The court also held that where policies cover BI where there is an “inability to use” premises, there is no cover merely because the insured cannot use all of the premises. Equally, there will not be an “inability to use” premises by reason of any and every departure from their normal use.

Similarly, the court issued some practical guidance for pubs and restaurants with “prevention of access” cover, stating that where they closed completely in response to the 21 March regulations, there was a qualifying prevention of access from the moment of closure.

If the business then set up a takeaway service that it had not carried on before, there was still a qualifying prevention of access, since that takeaway business was fundamentally different from the business described in the policy schedule. However, if the business had an existing takeaway service, which it continued to operate from the premises, then there was no prevention of access and, therefore, no cover.
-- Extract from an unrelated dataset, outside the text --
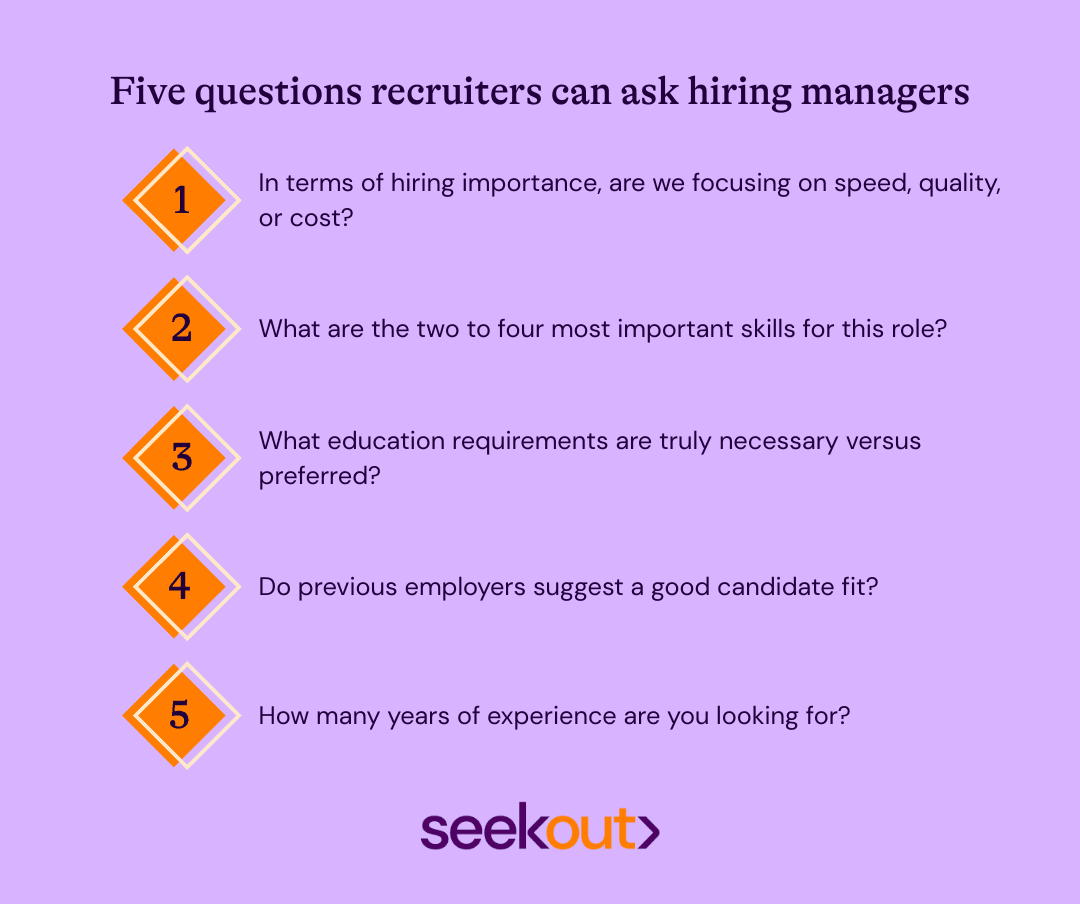 Sample questions recruiters can ask hiring managers in the kick-off meeting

This is in contrast to policyholders who have the protection of more generous clauses covering “hindrance in access”, who would be covered in situations where people were only allowed to access premises for limited purposes.

 

Causation – proving the extent of loss

On arguments about causation, the insurers placed heavy reliance on the decision in Orient-Express Hotels Ltd v Assicurazioni Generali SpA seeking to argue that even if cover was triggered under the various clauses, they would not be liable because the ‘relevant trends’ clauses allowed for adjustments to profit figures to be made to take account of the wider effects of the Covid-19 pandemic.

In a victory for policyholders, the court distinguished the two cases, stating that Orient-Express was simply not concerned with the type of insured perils involved in the FCA’s case. Further, the court went on to say that had it been necessary to do so, it would have held that Orient-Express had been wrongly decided. This is because the judge in Orient Express focused only on the “but for” causation issue and did not pose the question of what was the proximate cause of the loss claimed? In the opinion of Lord Justice Flaux and Mr Justice Butcher, this “must be the primary question in relation to claims under contracts of insurance”.

 

Final thoughts

Unless successfully appealed, the judgment is legally binding on the defendant insurers in respect of the interpretation of the representative sample of policy wordings considered by the court. On the first day of trial, the FCA said that 370,000 small businesses would likely be affected by 21 sample policies addressed by the judgment. Further, the judgment provides persuasive guidance for the interpretation of other similar policy wordings and claims.

While the FCA has publicly stated that the judgment is “welcome news” for policyholders, and the case was intended to guide insurers towards a consistent approach in answering claims, each case will turn on both the wording in the individual policies and the circumstances of each insured party.

It is expected that the defendant insurers may appeal the decision. Despite the FCA encouraging insurers to reassess and settle claims quickly, any appeal is bound to delay pay-outs under policies. That said, it has been agreed that any appeal will be heard on an expedited basis, including the possibility of the appeal being ‘leapfrogged’ to the Supreme Court.

Assuming the decision is upheld, the UK insurance market will be forced to pay claims which it did not expect to pay and did not reserve for. None of the clauses analysed were drafted specifically to cover pandemics but, in many cases, were broad enough to allow the unexpectedly large impact of a global pandemic to be covered. Indeed, the Association of British Insurers has said that its members expect to pay £900m in business interruption insurance claims this year due to the pandemic.

The next step in the case is a hearing to deal with consequential matters (which the court has agreed to live-stream if it is heard remotely) when we should find out if the insurers intend to appeal.